**Prompt:** Leave out all pictures and retype exactly the lines from the one with "Wasserfall und Berge" through the last line of the material.

**Given material:**
****

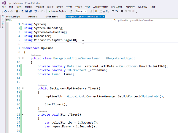 برای جدا کردن این خطوط از یکدیگر در صفحه HTML در یک تگ DIV با نام “message” نمایش می دهد. برای قرار گرفتن اطلاعات در مرکز صفحه از لحاظ ارتفاع می توانید این مقاله را مطالعه کنید.     ثبت کردن SignalR Hub برای ثبت کردن UptimeHub در Visual Studio 2013 ما می توانیم یک “OWIN Startup class” را مانند تصویر زیر به پروژه خود اضافه کنیم.   در انتهای این کلاس ما SignalR hub خود را ثبت می کنیم.   using Microsoft.Owin; using Owin;   [assembly: OwinStartup(typeof(Up.Hubs.Startup))]   namespace Up.Hubs {     public class Startup     {         public void Configuration(IAppBuilder app)         {             app.MapSignalR();         }     } }   ساخت یک Humanizer Timespan کتابخانه Humanizer به شما اجازه می دهد یک برنامه را بر اساس human-feeling (احساس انسانی) ایجاد کنید. در کد تایمر نهایی که ما می خواهیم در یک لحظه چیزی را که ما استفاده کنیم در چندین روش مشاهده کنیم. در ابتدا باید نحوه استفاده از TimeSpan را بدانیم. برای ساخت TimeSpan به صورت2 second ، کافی است فقط کد زیر را بنویسیم   2.Seconds()   Second برای فراخوانی متد Humanize در یک TimeSpan برای دریافت یک رشته شبیه “2 weeks, 3 days, 4 hours” است. هنگامی که ما این متد را فراخوانی می کنیم، ما می توانیم واحد زمانی خود را مشخص کنیم، به صورت پیش فرض ما فقط بزرگترین را دریافت می کنیم، مثل: “2 weeks” ما همچنین می توانیم یک DateTime کامل با نوشتن کد زیر ایجاد می کنیم.   On.October.The29th.In(1969);   پیاده سازی کلاس IRegisteredObject BackgroundUptimeServerTimer کد کامل کلاس به صورت زیر است. در سازنده کلاس ما یک reference به UptimeHub و Start کردن background timer دریافت می کنیم. در هر ثانیه متد BroadcastUptimeToClients فراخوانی می شود تا یک humanized string ایجاد کند و آن را به تمامی کلاینت ها ارسال کند.   public class BackgroundUptimeServerTimer : IRegisteredObject {     private readonly DateTime _internetBirthDate = On.October.The29th.In(1969);     private readonly IHubContext _uptimeHub;     private Timer _timer;         public BackgroundUptimeServerTimer()     {         _uptimeHub = GlobalHost.ConnectionManager.GetHubContext();           StartTimer();     }     private void StartTimer()     {         var delayStartby = 2.Seconds();         var repeatEvery = 1.Seconds();           _timer = new Timer(BroadcastUptimeToClients, null, delayStartby, repeatEvery);     }     private void BroadcastUptimeToClients(object state)     {         TimeSpan uptime = DateTime.Now - _internetBirthDate;           _uptimeHub.Clients.All.internetUpTime(uptime.Humanize(5));     }           public void Stop(bool immediate)     {         _timer.Dispose();           HostingEnvironment.UnregisterObject(this);     } } من قبلا یک وب سایت در Azure ایجاد کرده ام، پس حالا به سادگی سایت خود را برای آن publish می کنم:   خروجی برنامه به صورت زیر است:   ", "image": "/landingpages/images/blog-image-one.jpg", "author": { "@type": "", "name": "اسماعیل شیدایی", "url": "" }, "publisher": { "@type": "Organization", "name": "شرکت توسعه و مدیریت پارسیان زرین | Ably ابلای", "logo": { "@type": "ImageObject", "url": "https://ably.ir/" } }, "datePublished": "1393/5/25 10:18:22", "dateModified": "" }
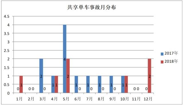 從事故多發(fā)月份來看,5月份是共享單車事故的高發(fā)月份,在2017年和2018年兩年中,五月份均是死亡人數(shù)最多的月份。兩年中,發(fā)生在5月份的事故死亡人數(shù)共6人,占總死亡人數(shù)的31.58%。
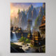 Wasserfall und Berge des Wikingdorf | Art der AI Poster
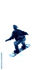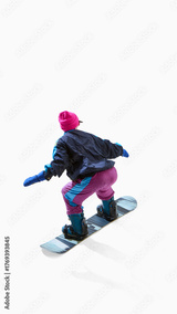 Female snowboarder in bright retro suit crouching on board isolated on white studio background. Concept of motion form, energy, and control for visual identity, and creative movement design.

****

**Result of this task:**
 Wasserfall und Berge des Wikingdorf | Art der AI Poster
 Female snowboarder in bright retro suit crouching on board isolated on white studio background. Concept of motion form, energy, and control for visual identity, and creative movement design.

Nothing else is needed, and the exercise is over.